My MFC app runs various API from OpenCV2. Everything else is working fine. But when my program runs
cv::Mat result;
cv::equalizeHist(m_cvImage,result);
I get following runtime exception.
Unhandled exception at 0x7727fbae in OpenCVTest.exe: Microsoft C++ exception: cv::Exception at memory location 0x0029e944..
"C:\slave\WinInstallerMegaPack\src\opencv\modules\imgproc\src\histogram.cpp:2430: error: (-215) CV_ARE_SIZES_EQ(src, dst) && CV_ARE_TYPES_EQ(src, dst) && CV_MAT_TYPE(src->type) == CV_8UC1"
According to debugger, the exception was thrown in the middle of processing (about 40%) the image in equalizeHist. Is there anything I need to do? FYI: I am using binary OpenCV provided by its web site.
UPDATE:
I've resolved this issue by converting images to gray-level before equalizing it. I just didn't know
the function only works with gray-level image
images that look like gray-level can be non-gray.
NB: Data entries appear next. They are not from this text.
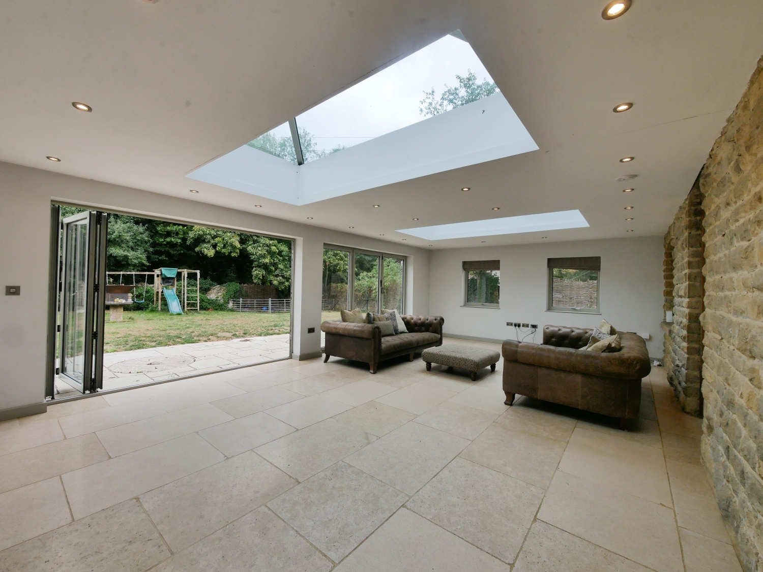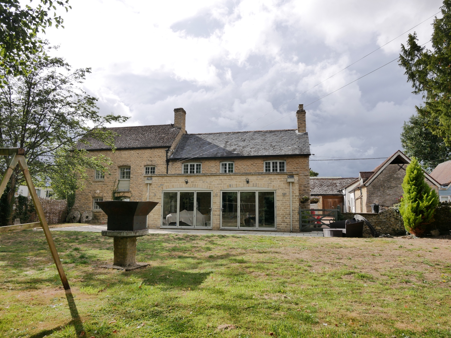 Beautiful Stone Family Home Blending Period Charm with Contemporary Design. Set in a desirable village location, this beautifully presented stone-built property combines character features with a modern extension, offering over 3,000 sq. ft. of versatile accommodation. The ground floor includes a spacious kitchen/breakfast room with central island and integrated appliances, a formal dining room, large sitting room with fireplace, study, utility, and shower room. At the heart of the home is a stunning family room with exposed stonework, skylights, and bi-fold doors opening onto the terrace and garden, creating a seamless connection between indoor and outdoor living.
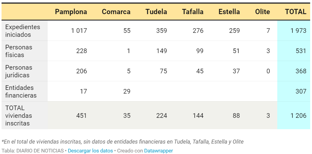 Del total de 1.206 de Navarra, 531 pertenecen a personas físicas, 368 de personas jurídicas y 307 de entidades financieras. Obviamente, hay, en definitiva, identificadas más viviendas vacías (por medio de diferentes indicios de deshabitación), pero estas 1.206 están ya en el registro figuran ya de una manera efectiva, con resolución firme y con todos los efectos jurídicos que ello implica. "Y no es una foto fija", porque el Servicio de Inspección de la Dirección General de Vivienda "sigue trabajando en la detección de vivienda vacía y la apertura de expedientes para seguir completando el censo", precisan desde Vivienda.
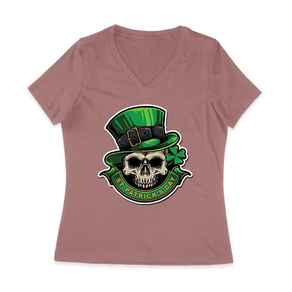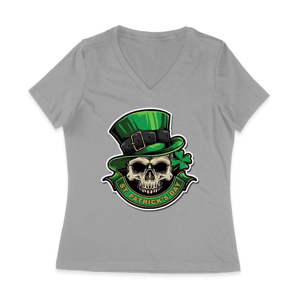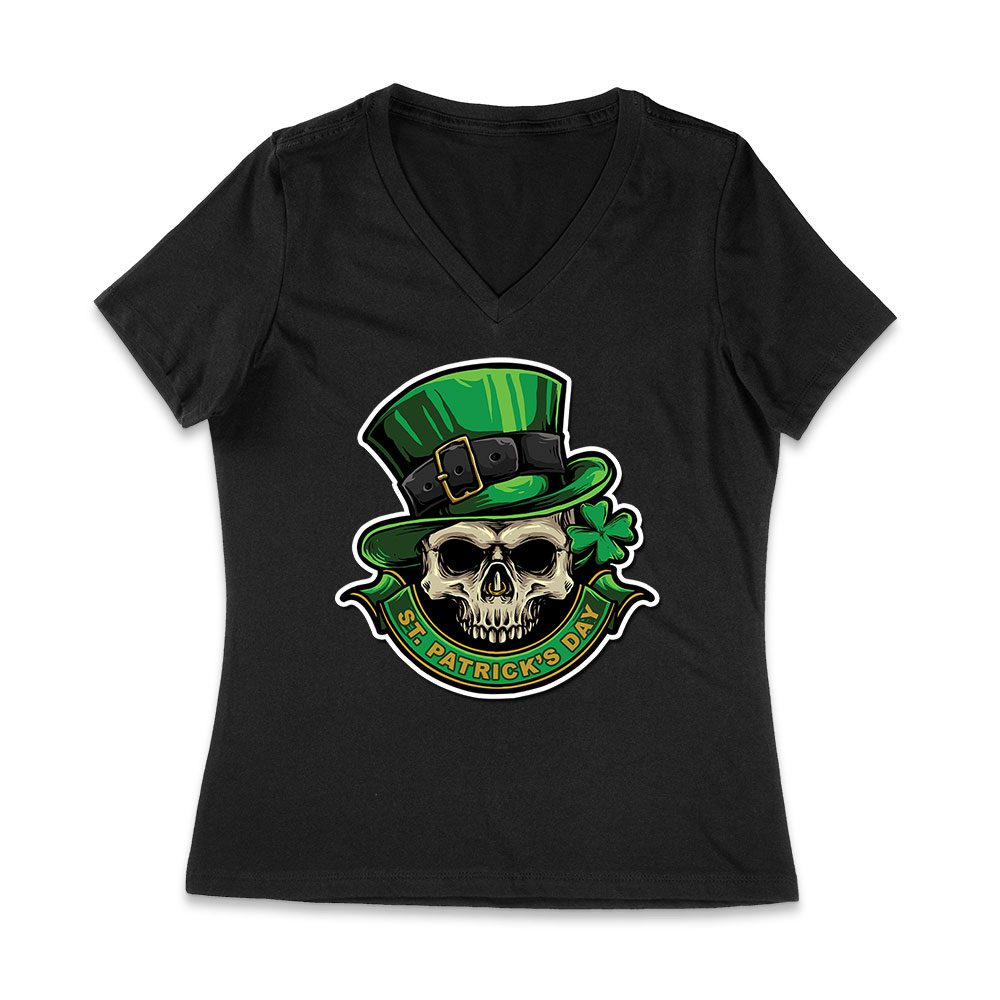 St. Patrick’s Day Skull T-Shirt – Cool Irish Shamrock Gothic Lucky Party Tee Women Jersey V-Neck

I imagine the problem you are encountering is that m_cvImage is a 3-channel image. So, you need to convert it to a grayscale image before you can call equalizeHist.
cvtColor(m_cvImage, m_cvImage, CV_BGR2GRAY);
cv::Mat result;
cv::equalizeHist(m_cvImage, result);
Also, have a look at the EqualizeHist_Demo.cpp tutorial sample to see how it is used.